Devil in the detail

‘Why are there so many long, bad war books written by journalists just at the minute?’ The question was raised first in Eureka Street by Peter Stanley in March 2005. Big, journalistic treatments of Gallipoli, numerously of Kokoda, and here of the POW experience in the Pacific theatre, from mainstream commercial publishers, have graced the bestseller lists and the front-window display cases over the last two or three years. Big books, big marketing budgets, big sales. Academic sour grapes aside, it’s probably not as simple as that, and never is.

Big books on popular themes by well-known journalists are nothing new, and neither is the ‘journalist as [good] historian’. C.E.W. Bean and Gavin Long had significant careers as journalists before they became official historians of Australia’s war effort between 1914–18 and 1939–45. More recently, Max Hastings in Britain and Tom Ricks and Rick Atkinson in the United States have shown that the marriage of accomplished journalism, careful research and sound historical sense produces good, serious books able to reach a wide, interested readership. That isn’t really the issue at the heart of my friend’s question, either.

Commercial publishers recognise two things: that there is a large audience out there keen to read (and pay money for) books that retell the Homeric aspects of our military history; and that academic historians are probably the last people willing, or able, to write them. This second proposition isn’t strictly true, of course. There are historians out there with a gift for clear, concise prose who can make the transition from seminar room to living room in the way they deal with issues and ideas, just as there are plenty of journalists with a cloth ear for language and a tabloid sense of history. But the way in which many historians have written more and more about less and less, and in a less and less interesting manner, here as elsewhere, has left the return of the big, popular synoptic history to the journalists, the popularisers, and the occasional academic ‘stars’ like Simon Schama or Niall Ferguson.

Does this matter?
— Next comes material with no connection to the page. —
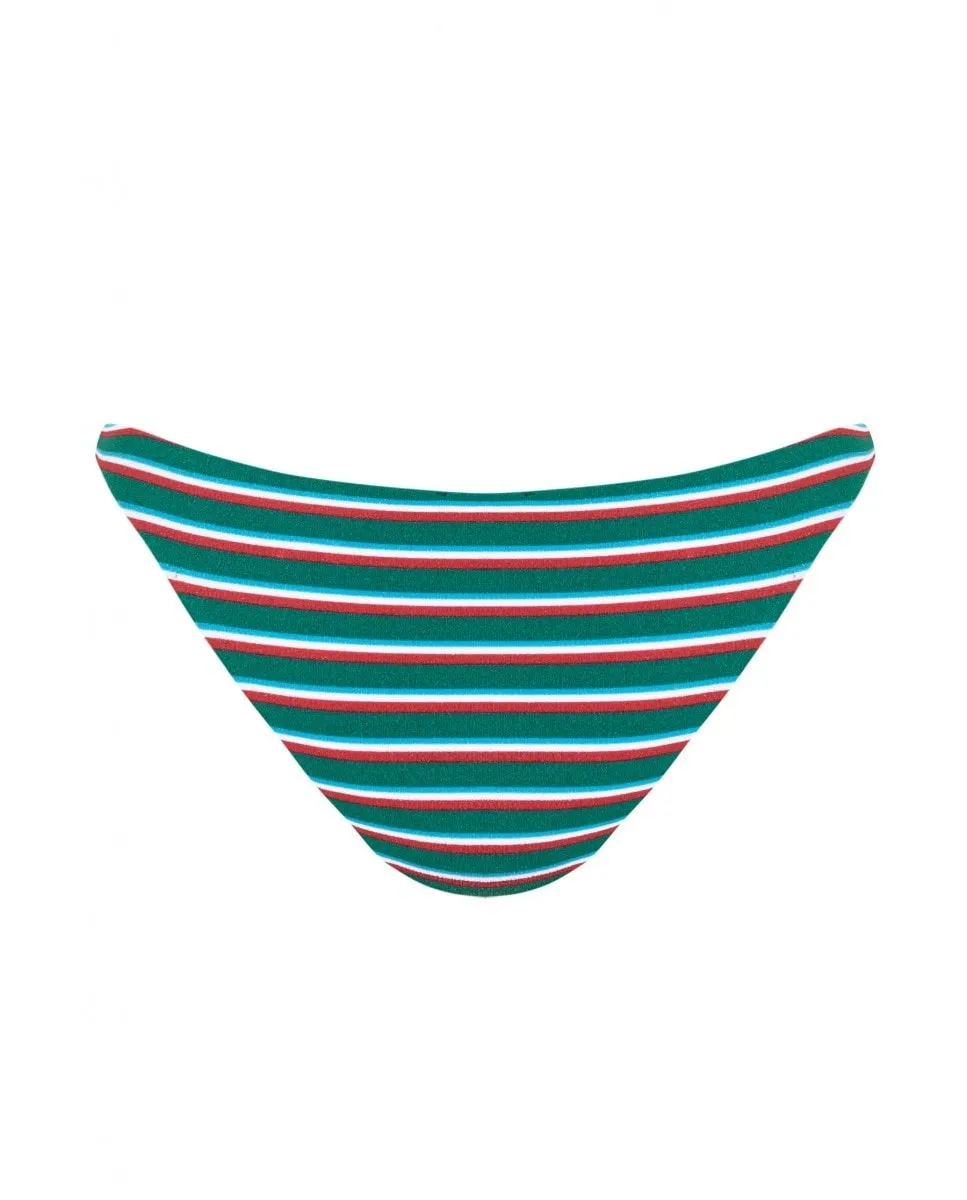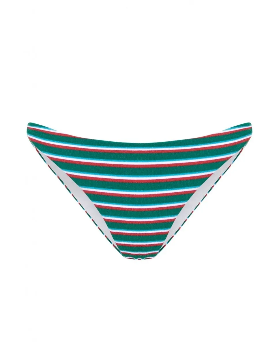 Плавки бикини с белыми и красными полосками на зеленом фоне, изготовлены из специальной ткани с эффектом полотенца для плавания. Трусики в слегка бразильском стиле, на подкладке спереди и сзади. На модели трусики размера S. Ее рост 172 см, объем талии 66 см, объем бедер 91 см.

Probably not, so long as we understand what we are dealing with when we consider books like Cameron Forbes’s Hellfire. He tells us that his purpose is ‘to tell through individuals the story of the prisoners’ war, Australia’s relationship with Japan and its strategic shift’. He has read the secondary literature carefully, done some useful work in the archival collections, and talked to a range of former prisoners, their families, and others in order to elicit the personal stories through which he frames the book. It is capably done, but frankly tells us nothing we do not know already, or that cannot be found in the fairly extensive literature on the prisoners of the Japanese already in existence.

His judgments and conclusions on bigger issues are less sure, more open to question. An underlying theme of the book seems to be that the fall of Singapore brought an end to British imperialism in the Far East, and occasioned the ‘strategic shift’ in Australia’s relations, already cited. This is much too simplistic.

It is certainly true that the prewar style of British colonial rule was ended by the Japanese victory in 1942, and that the nature of colonial rule changed irrevocably thereafter. But Britain remained the most significant military and economic power in the Malay region until London finally chose to withdraw in the early 1970s (having mooted the possibility since the late 1950s). As Coral Bell argued nearly 20 years ago, Australia’s strategic relationship in the decades after World War II is a triangular one, focused on both London and Washington, rather than a bilateral one emphasising one over the other, and her insight helps make much more sense of Australian policy and military experience in the region in the following quarter-century.

Forbes’s treatment of the controversial commander of the 8th Division, Henry Gordon Bennett, is likewise open to challenge. The sequence of events that led to two inquiries finding against him in the matter of his desertion of his command and escape from Singapore is presented as a conflict between professional soldiers in Australia and Britain and the amateur citizen-soldier Bennett. There was certainly an element of that, and Bennett had gone out of his way before the war to antagonise regular officers in public and the press. But there were citizen-officers equally dismayed by his behaviour and critical of his performance, and the fact that he had behaved bravely and commanded ably at lower levels in World War I tells us very little about his capability and performance at higher levels in a subsequent war.

Hellfire deals with the details of often-horrific human experience well. These are stories worth retelling in each generation, and this book can be read for what it tells us about them.  

Hellfire: The Story of Australia, Japan and the Prisoners of War, Cameron Forbes. Pan Macmillan, 2005. ISBN 1 405 03650 8, RRP $45

Jeffrey Grey is a professor of history at University College, Australian Defence Force Academy, Canberra.